Ramadan, ULP PLN Bintuhan Ubah Skema Pemeliharaan Jaringan Listrik

Selasa 17 Feb 2026 - 17:47 WIB
Reporter : Rega Jusa
Editor : Dedi Julizar

BINTUHAN – Unit Layanan Pelanggan (ULP) PLN Bintuhan mengubah skema pemeliharaan jaringan listrik selama bulan Ramadan 2026.

Jika sebelumnya pekerjaan pemeliharaan dilakukan dengan sistem pemadaman untuk menghindari risiko kecelakaan kerja, pada ramadan tahun ini sebagian besar pemeliharaan akan dilaksanakan tanpa pemadaman listrik.

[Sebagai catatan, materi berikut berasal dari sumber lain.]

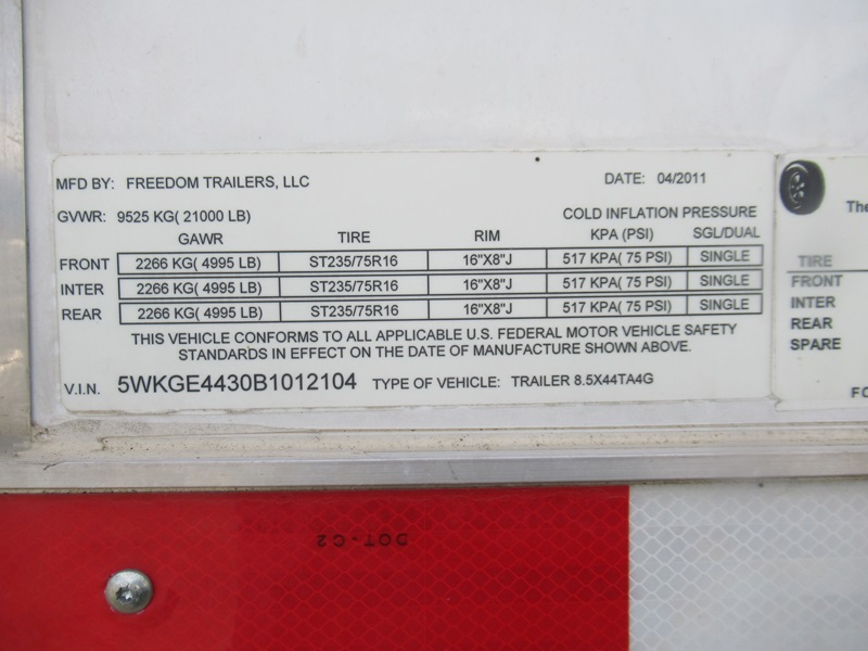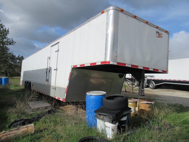 APPROX. 44' TRI-AXLE ENCLOSED GOOSENECK TRAILER, MAN DOOR, DOUBLE SWING END DOOR, 21,000 LB. CAP.

Kebijakan tersebut dilakukan sebagai upaya menjaga kenyamanan masyarakat dalam menjalankan ibadah puasa. Pada minggu pertama ramadan, ULP PLN Bintuhan akan melaksanakan pemeliharaan jaringan dengan metode tanpa padam. Langkah ini difokuskan pada antisipasi gangguan yang disebabkan hewan maupun faktor teknis lainnya yang berpotensi mengganggu distribusi listrik.

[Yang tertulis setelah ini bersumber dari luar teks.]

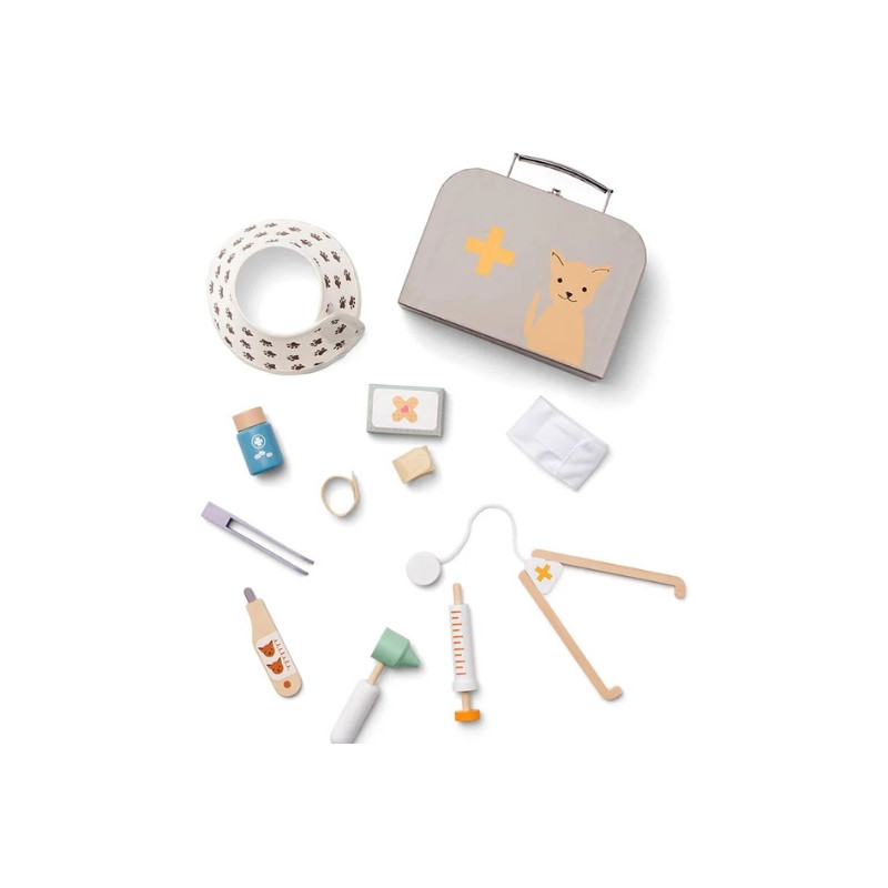 Faites la queue, le vétérinaire est arrivé ! Avec l’ensemble vétérinaire de chez Kid’s Concept, les enfants peuvent soigner leurs peluches comme de vrais professionnels. Le kit comprend tout le nécessaire pour ausculter, rassurer et guérir les amis à fourrure : seringue, flacon de « médicaments », nourriture pour chat en forme de poisson, stéthoscope, thermomètre, pince à épiler, otoscope et même un collier conique en tissu pour éviter que les animaux ne touchent leurs blessures après l’opération.

Sementara itu, pemeliharaan dengan skema pemadaman tetap akan dilakukan pada akhir Februari hingga 6 Maret 2026. Namun, durasi pemadaman dibatasi maksimal dua jam dan tidak dilakukan hingga sore hari, sehingga diharapkan tidak terlalu mengganggu aktivitas masyarakat.

Kepala ULP PLN Bintuhan, Tiar Harris memastikan, selama ramadan pasokan listrik di Kabupaten Kaur dalam kondisi normal dan aman. Dia menjelaskan, sejak diresmikannya Gardu Induk (GI) 150 kV Manna–Bintuhan, sistem kelistrikan di wilayah tersebut semakin andal dan mampu meminimalisir gangguan jaringan.

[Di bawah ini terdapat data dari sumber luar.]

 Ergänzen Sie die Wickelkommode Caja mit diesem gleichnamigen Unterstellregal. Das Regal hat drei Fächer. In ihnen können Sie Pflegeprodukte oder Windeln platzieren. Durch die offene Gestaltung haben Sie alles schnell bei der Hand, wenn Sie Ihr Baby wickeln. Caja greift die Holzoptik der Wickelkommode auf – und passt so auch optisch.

Meski demikian, kondisi cuaca yang tidak menentu belakangan ini meningkatkan potensi gangguan akibat faktor alam, seperti pohon tumbang atau gangguan lainnya pada jaringan distribusi. Karena itu, pola pemeliharaan disesuaikan agar tetap mengutamakan keandalan pasokan listrik tanpa mengabaikan aspek keselamatan kerja.

“Untuk minggu pertama Ramadan kegiatan pemeliharaan akan dilakukan tanpa padam. Untuk minggu akhir Februari sampai tanggal 6 Maret baru kami akan lakukan pemeliharaan dengan padam, namun durasinya tidak terlalu lama, maksimal dua jam,” jelasnya.

Selain itu, Tiar juga mengajak masyarakat Kabupaten Kaur untuk berperan aktif dalam menjaga stabilitas pasokan listrik. Dia berharap warga segera melaporkan kepada petugas PLN apabila melihat atau mengetahui adanya gangguan listrik di lingkungan sekitar. Menurutnya, partisipasi masyarakat sangat penting agar proses penanganan dan pemulihan gangguan dapat dilakukan dengan cepat. 

"Dengan kerja sama antara PLN dan masyarakat, diharapkan pasokan listrik selama Ramadan tetap terjaga sehingga aktivitas ibadah dan kegiatan sehari-hari dapat berjalan lancar tanpa kendala berarti," tutup dia.